Кто это такие? Это люди, которые родились в период с середины 1980-х до самого конца 1990-х. Это сейчас самое молодое взрослое поколение, которое, кстати, весьма велико и составляет уже более четверти российского населения. К нему принадлежат почти все нынешние студенты университетов и молодые люди постарше, где-то до тридцати с небольшим лет. Впрочем, здесь важны не те годы, в которые они родились, а те, на которые пришелся период их взросления. Эти годы называются формативными или формирующими. Так вот, важно, что поколение миллениалов входило во взрослую жизнь в 2000-е и 2010-е годы – период, когда серьезные пертурбации отсутствовали. Но вышло так, что это молодое поколение кажется совсем другим в сравнении со своими предшественниками. Оно не плохое и не хорошее, а просто другое.

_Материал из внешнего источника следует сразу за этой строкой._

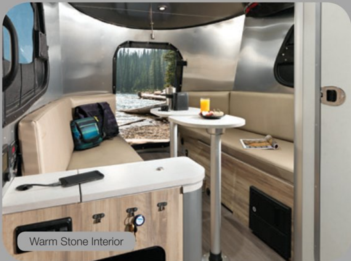
Warm Stone Interior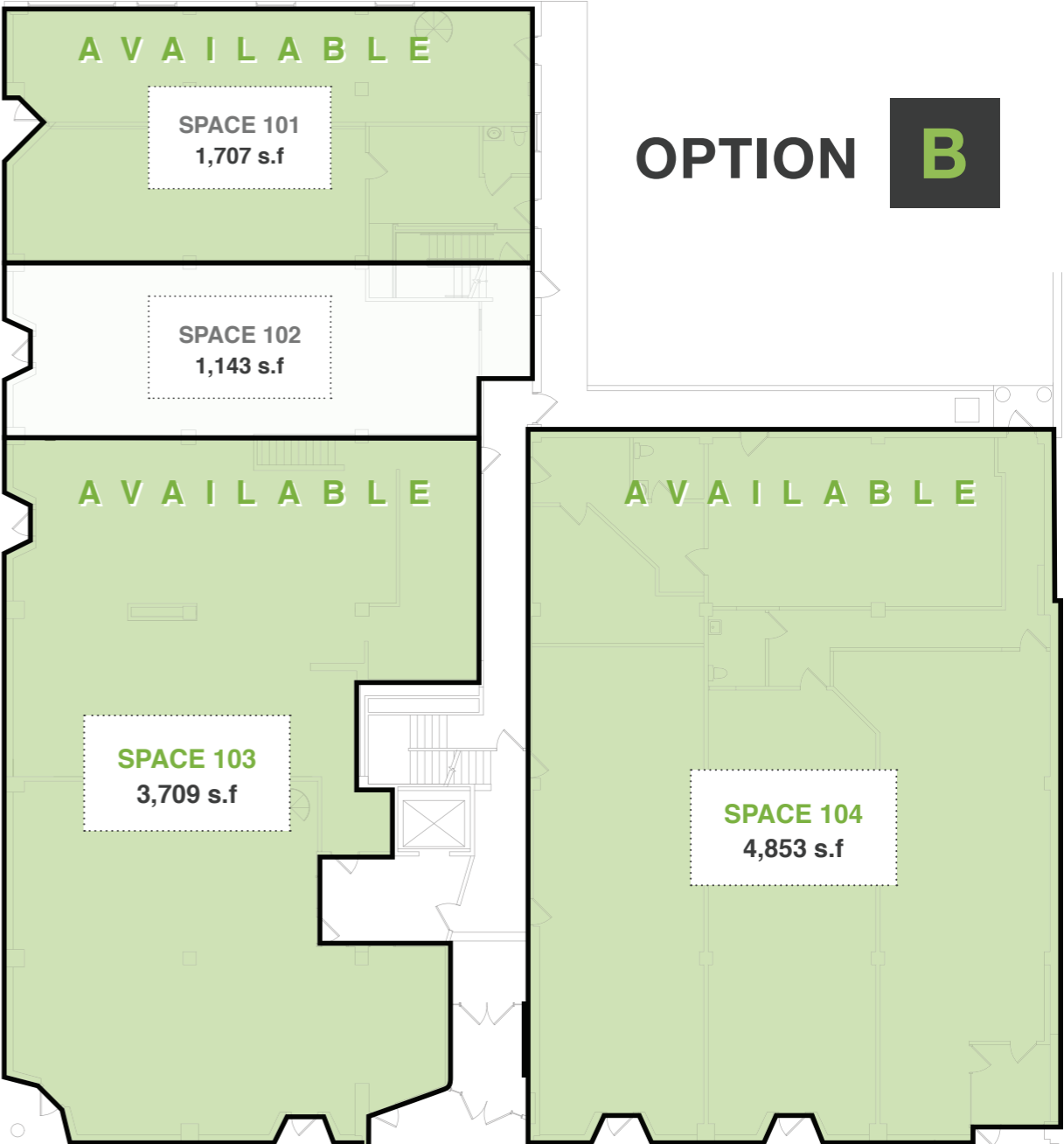
MAIN LEVEL SPACES 101 - 105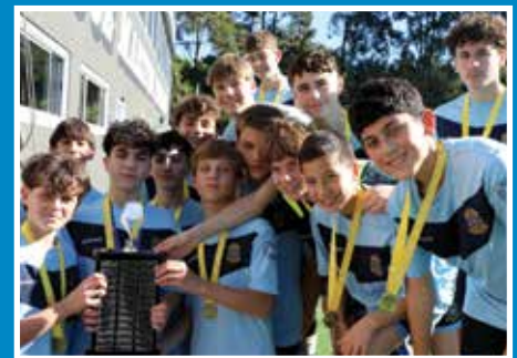
Junior Football SCS Conference Champions

Register Now for our 2025 Open Day • (02) 8585 1744 • cbhslewisham.nsw.edu.au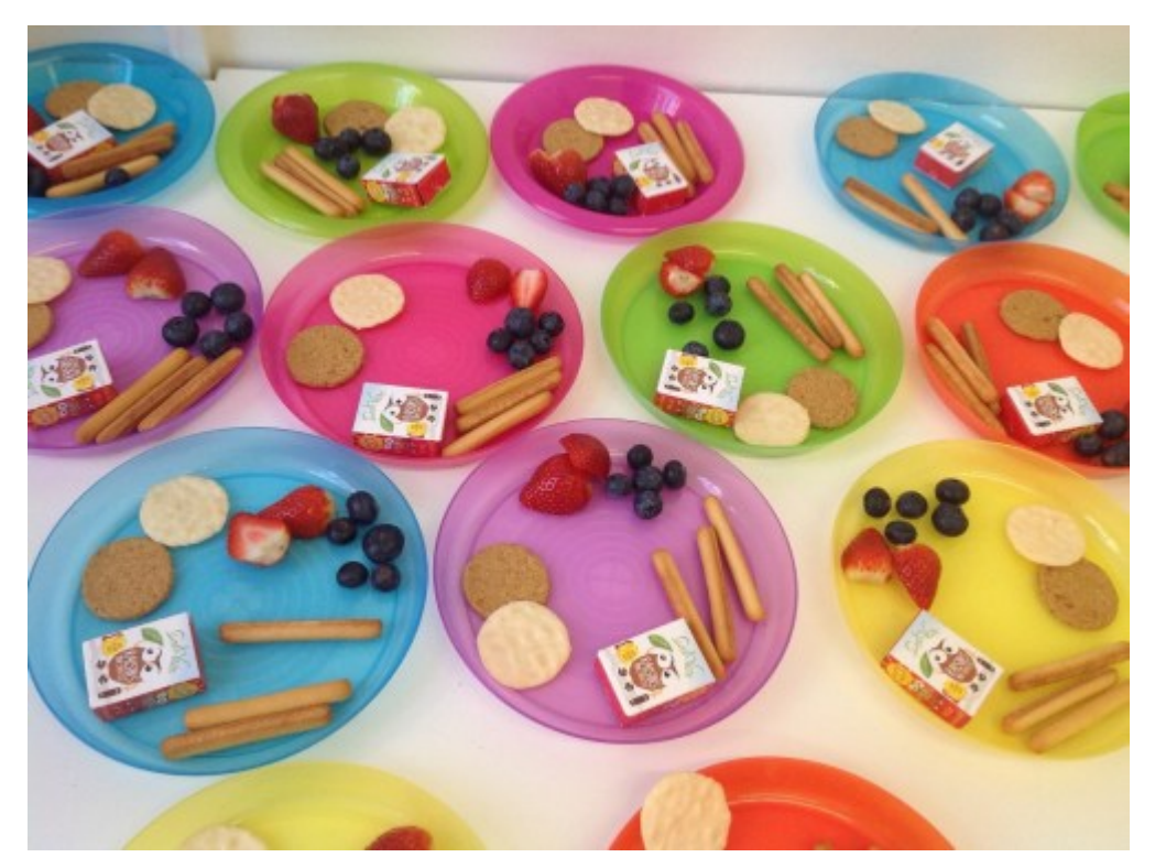
A snack before bedtime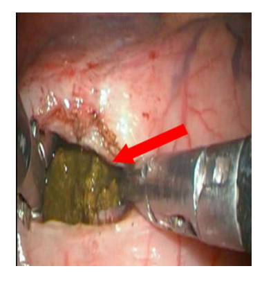
Figure 2. The bezoars were removed using grasp pliers and gallbladder pliers.

inserted on the right side symmetrically. A longitudinal incision was made in stomach antetheca. 3 large bezoars were observed in gastric body and pyloric tube. The bezoars were removed using grasp pliers (Johnson, China) and gallbladder pliers (Figure 2). A drainage tube was inserted to the pylorus and high pressure injection of saline was performed to determine whether there was obstruction or not. The incision of the stomach was closed using Endo-GIA (Tri-Staple, Covidien ltd., USA). Active bleeding was examined and the incisions were closed. The surgery time was 120 min with 50 ml blood lose. Postoperatively, the patient was prohibited from eating and drinking for 3 days. Five days postoperatively, gastric tube was removed and the patient was allowed to have a small amount of liquid diet. Six days postoperatively, the incisions healed well. The peritoneal drainage tube was removed and the patient was discharged in well general condition. Two months after the surgery, she was asymptomatic and recovered. The pathological examination suggested that it was fibrous bezoar.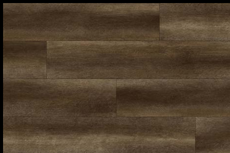
PINE HILLS OAK IM6021-4LAML0SW

И есть ощущение, что мы получили нечто, выходящее за рамки обычного конфликта поколений. Традиционный конфликт отцов и детей – это вообще явление нормальное; оно означает наличие какой-то сложной, пусть даже и противоречивой, но коммуникации между поколениями. А сейчас возникают риски того, что такой конфликт, напротив, отсутствует, просто в силу провала коммуникации: когда старшие обращаются к молодому поколению, а оно не отвечает – потому что не слышит и потому что его интересы ортогональны. Интуитивное ощущение такого нарастающего разрыва и побудило меня заняться исследованием межпоколенческих различий. На первом этапе я попытался просчитать эти различия на имеющейся у нас базе данных с 1994 года по наши дни. Сравнивая миллениалов с предшествующими поколениями, я искал существенные сдвиги и точки перелома по множеству разных социальных параметров.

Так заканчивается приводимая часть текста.